**Work request:**
An exact repetition of the data is required; no picture should appear in it.

**Dataset extract:**
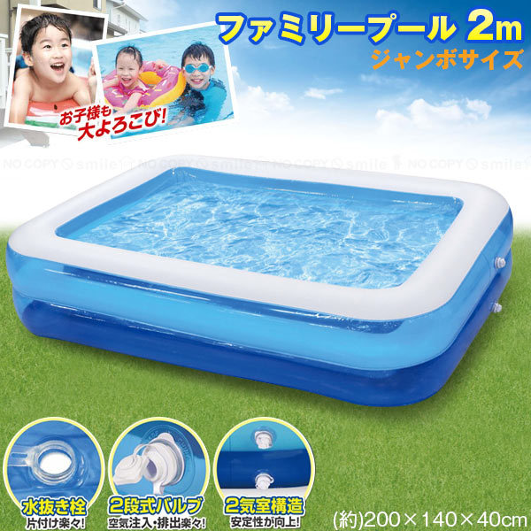 ファミリープール 2m 「送料無料」/ プール 家庭用プール ビニールプール ジャンボサイズ ファミリー 幅2m 四角 長方形 ガレージ 駐車場 庭 玄関 子ども 夏
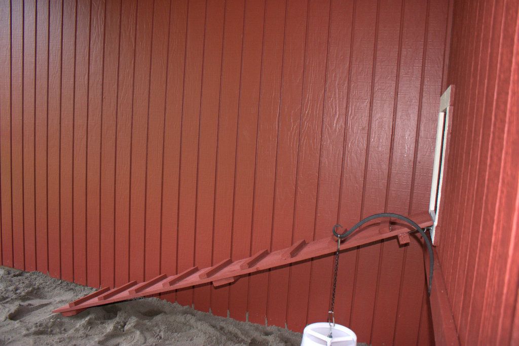 I also added a small shelf next to the nest boxes. Originally I was going to place a water bucket there but ended up running water from a faucet to an automatic bowl. I figure the shelf will come in handy for the egg basket or whatever.
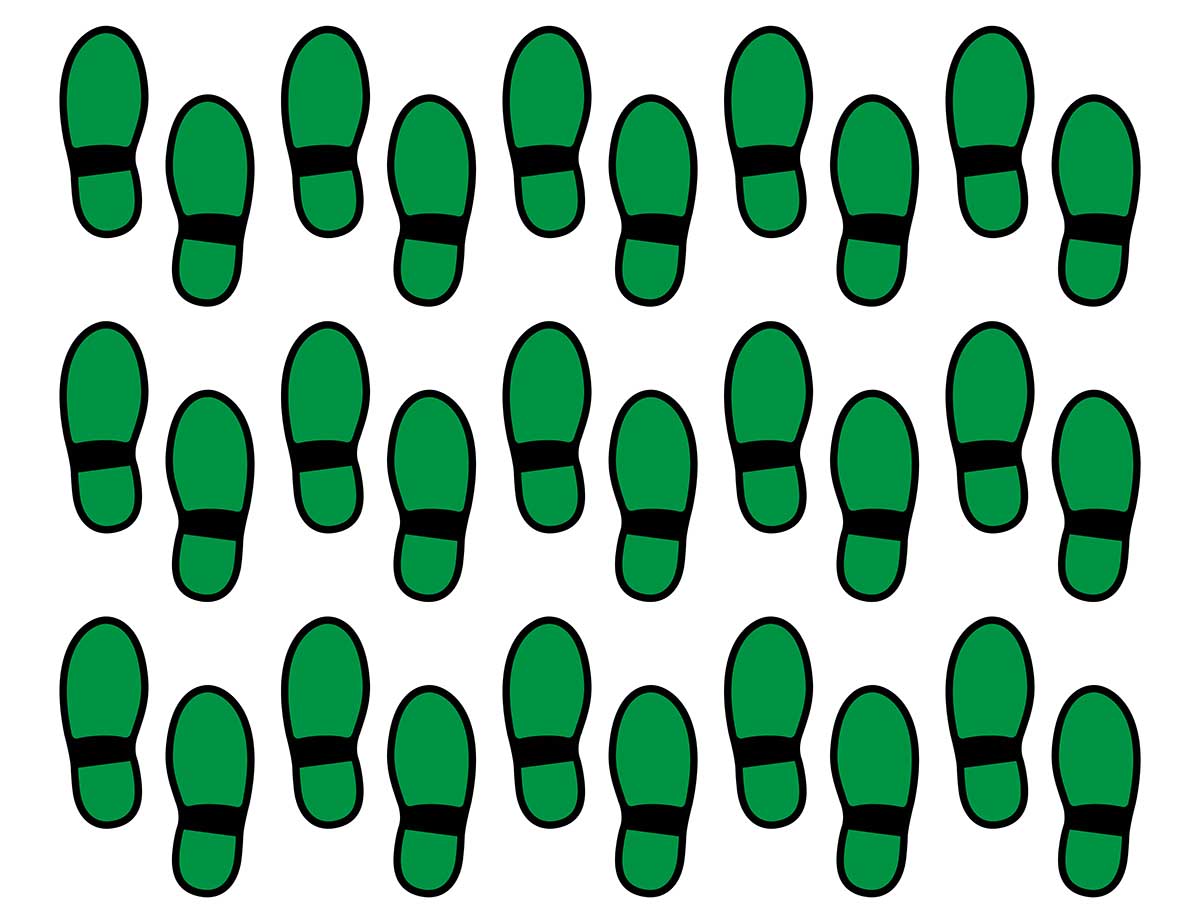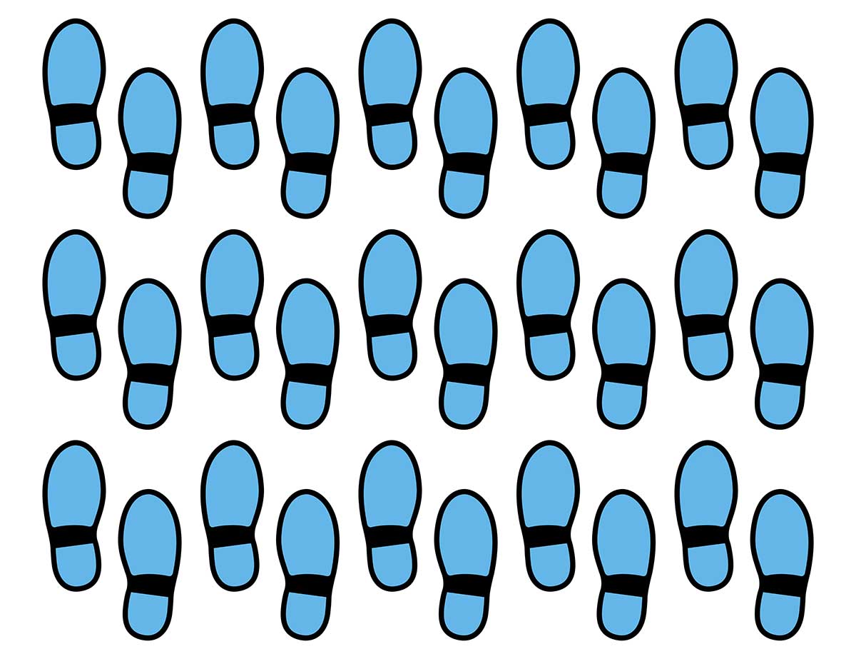 Vloersticker set voetstappen om op een snelle en eenvoudige manier de route kenbaar te maken aan uw klanten of bezoekers. De voetstappen worden gedrukt op een hoge kwaliteit sterk klevend vinyl en zijn daardoor zowel binnen als buiten toepasbaar. De vloersticker voetstap is zowel met een permanente kleeflaag als een unieke removable kleeflaag verkrijgbaar. De removable voetstappen zijn binnen 6 maanden zonder plakresten of gedoe eenvoudig te verwijderen. De voetstapstickers worden voorzien van een slijtvlaste anti-sliplaag voor een extra lange levensduur. Met de extra sterke kleeflaag zijn onze voetstap vloerstickers zowel binnen als buiten te gebruiken, in zowel doge als natte omgevingen. De voetstappen zijn ieder 23x10cm groot en vergelijkbaar met schoenmaat 40.
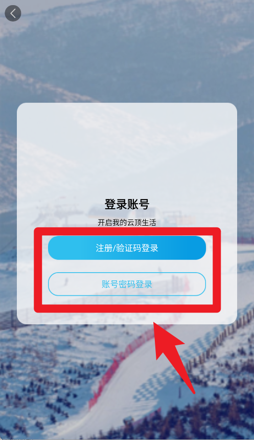 1、在登录界面,用户可以选择注册或验证码登录,也能通过账号密码快速登录,轻松进入平台开启云顶冰雪生活。

**Exercise response:**
 ファミリープール 2m 「送料無料」/ プール 家庭用プール ビニールプール ジャンボサイズ ファミリー 幅2m 四角 長方形 ガレージ 駐車場 庭 玄関 子ども 夏
 I also added a small shelf next to the nest boxes. Originally I was going to place a water bucket there but ended up running water from a faucet to an automatic bowl. I figure the shelf will come in handy for the egg basket or whatever.
 Vloersticker set voetstappen om op een snelle en eenvoudige manier de route kenbaar te maken aan uw klanten of bezoekers. De voetstappen worden gedrukt op een hoge kwaliteit sterk klevend vinyl en zijn daardoor zowel binnen als buiten toepasbaar. De vloersticker voetstap is zowel met een permanente kleeflaag als een unieke removable kleeflaag verkrijgbaar. De removable voetstappen zijn binnen 6 maanden zonder plakresten of gedoe eenvoudig te verwijderen. De voetstapstickers worden voorzien van een slijtvlaste anti-sliplaag voor een extra lange levensduur. Met de extra sterke kleeflaag zijn onze voetstap vloerstickers zowel binnen als buiten te gebruiken, in zowel doge als natte omgevingen. De voetstappen zijn ieder 23x10cm groot en vergelijkbaar met schoenmaat 40.
 1、在登录界面,用户可以选择注册或验证码登录,也能通过账号密码快速登录,轻松进入平台开启云顶冰雪生活。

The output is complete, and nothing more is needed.